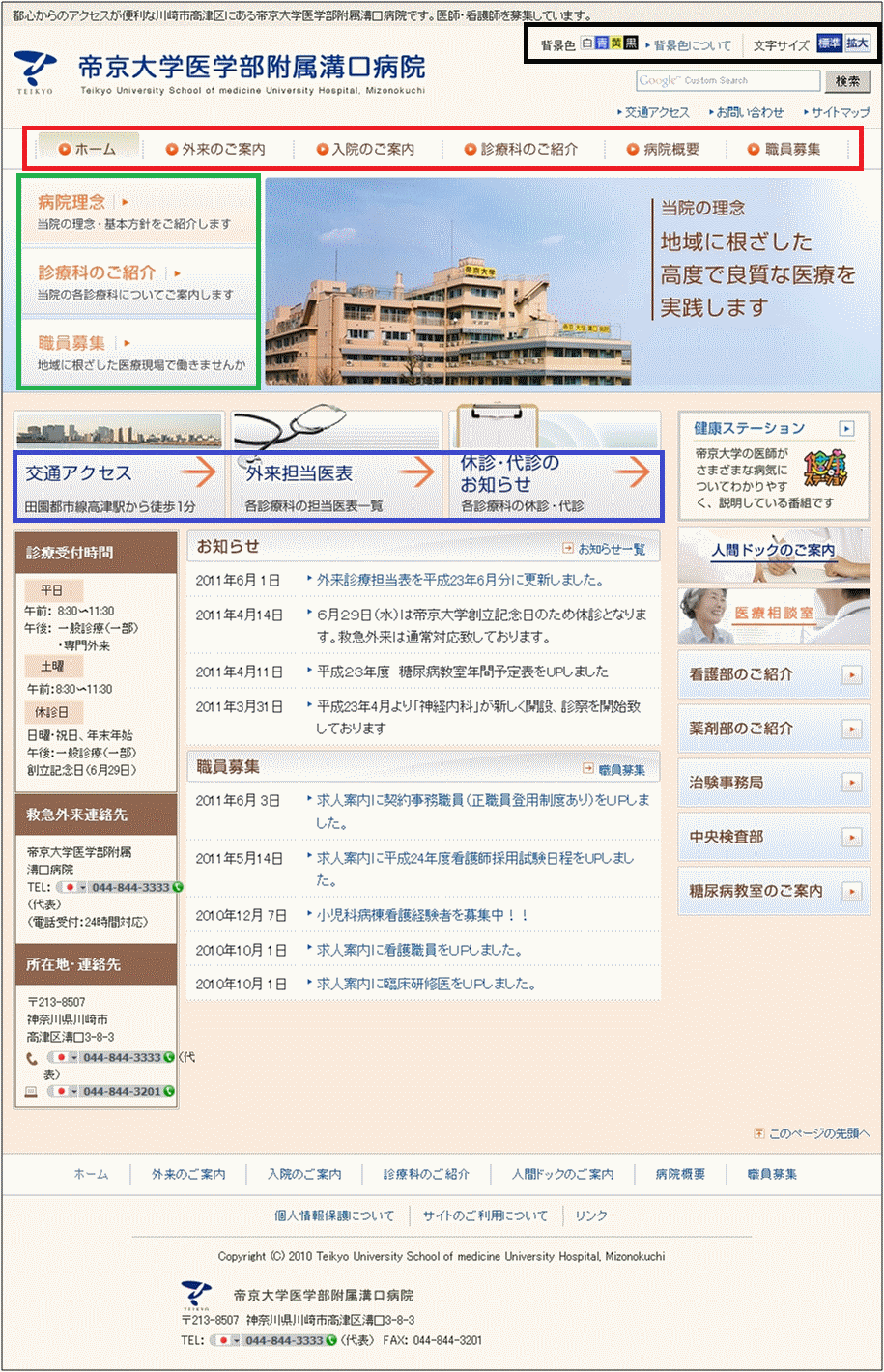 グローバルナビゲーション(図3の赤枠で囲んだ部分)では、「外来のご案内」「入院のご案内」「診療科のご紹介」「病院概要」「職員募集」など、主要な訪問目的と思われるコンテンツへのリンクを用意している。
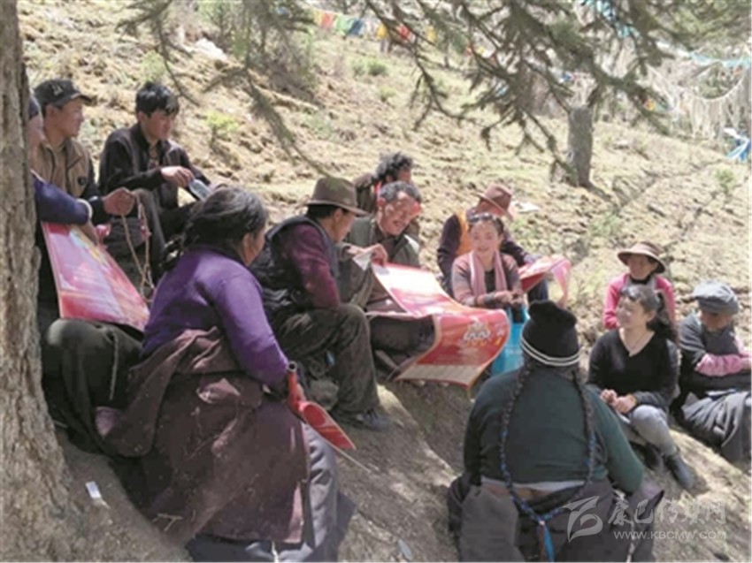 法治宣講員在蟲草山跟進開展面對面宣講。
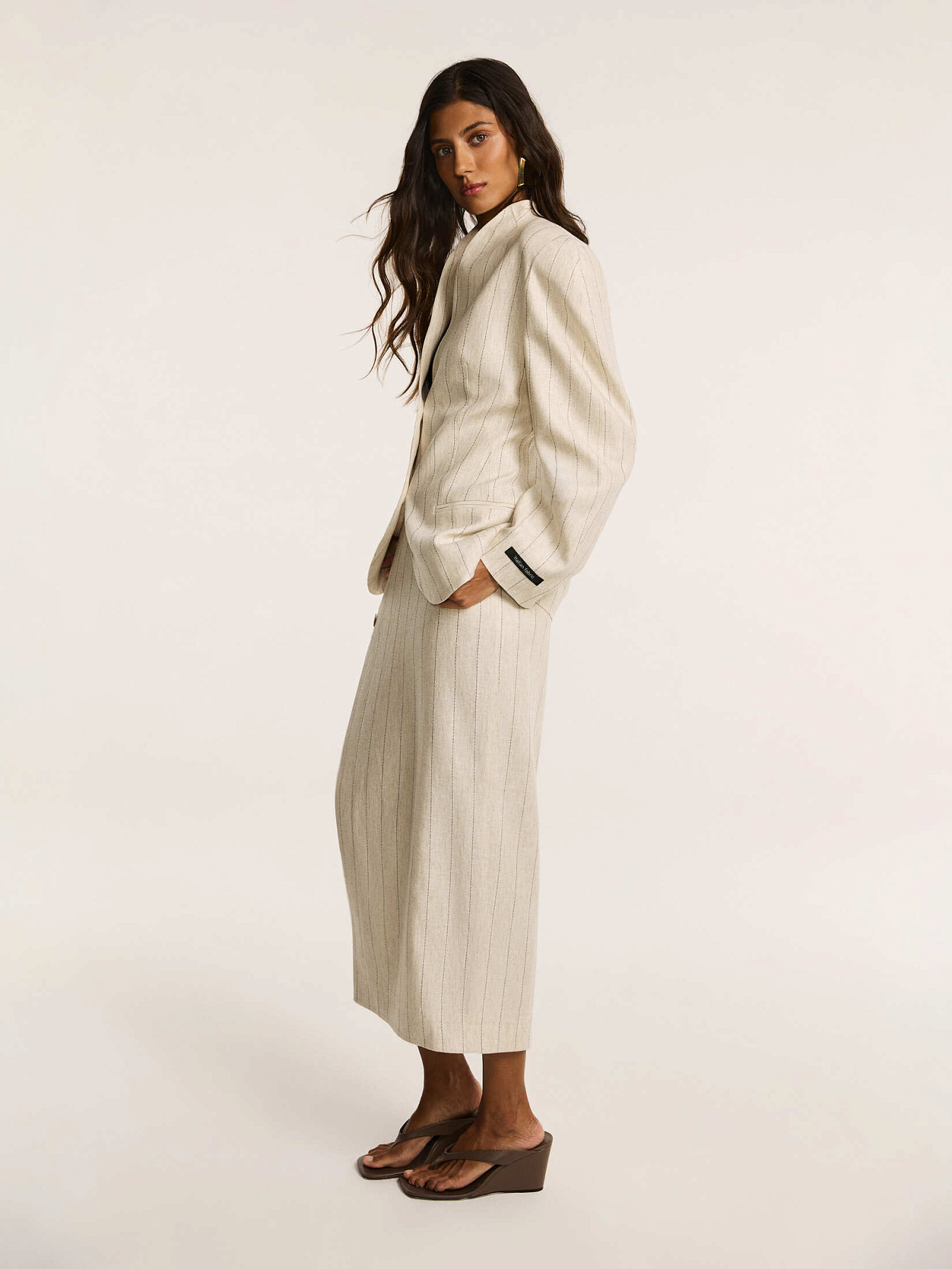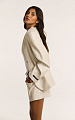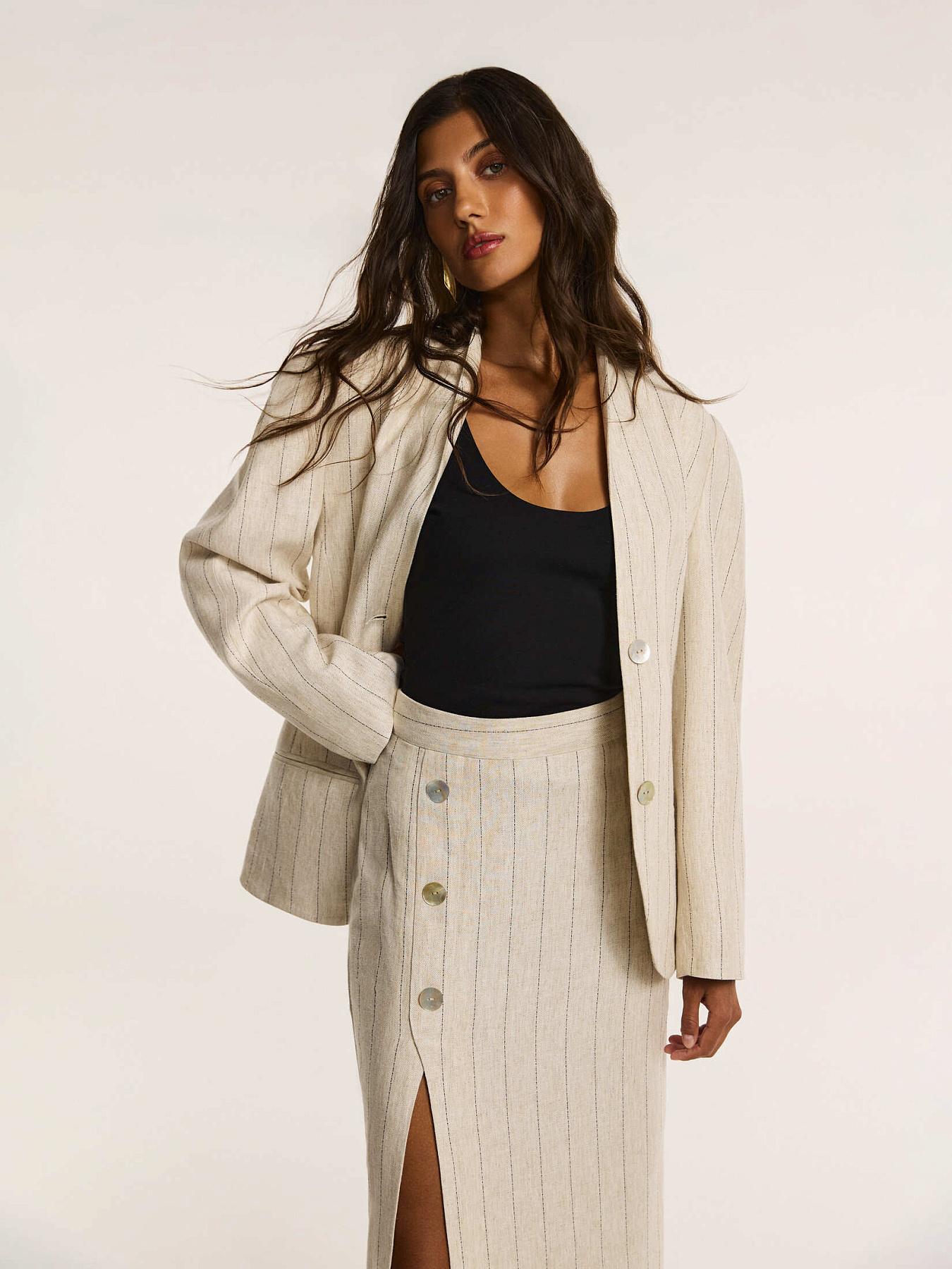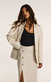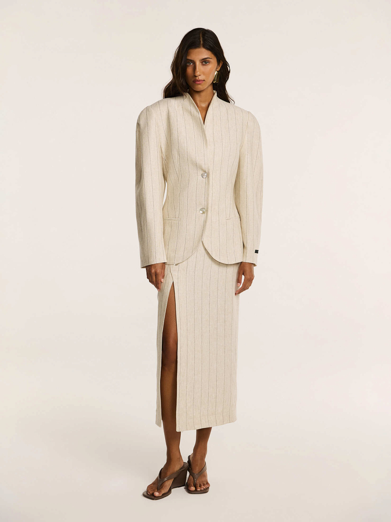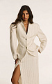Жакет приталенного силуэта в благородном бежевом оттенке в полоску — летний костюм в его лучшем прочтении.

§ **Task directions**:
Make an exact copy of the listing. Do not carry over its pictures.

§ **Task answer**:
 グローバルナビゲーション(図3の赤枠で囲んだ部分)では、「外来のご案内」「入院のご案内」「診療科のご紹介」「病院概要」「職員募集」など、主要な訪問目的と思われるコンテンツへのリンクを用意している。
 法治宣講員在蟲草山跟進開展面對面宣講。
Жакет приталенного силуэта в благородном бежевом оттенке в полоску — летний костюм в его лучшем прочтении.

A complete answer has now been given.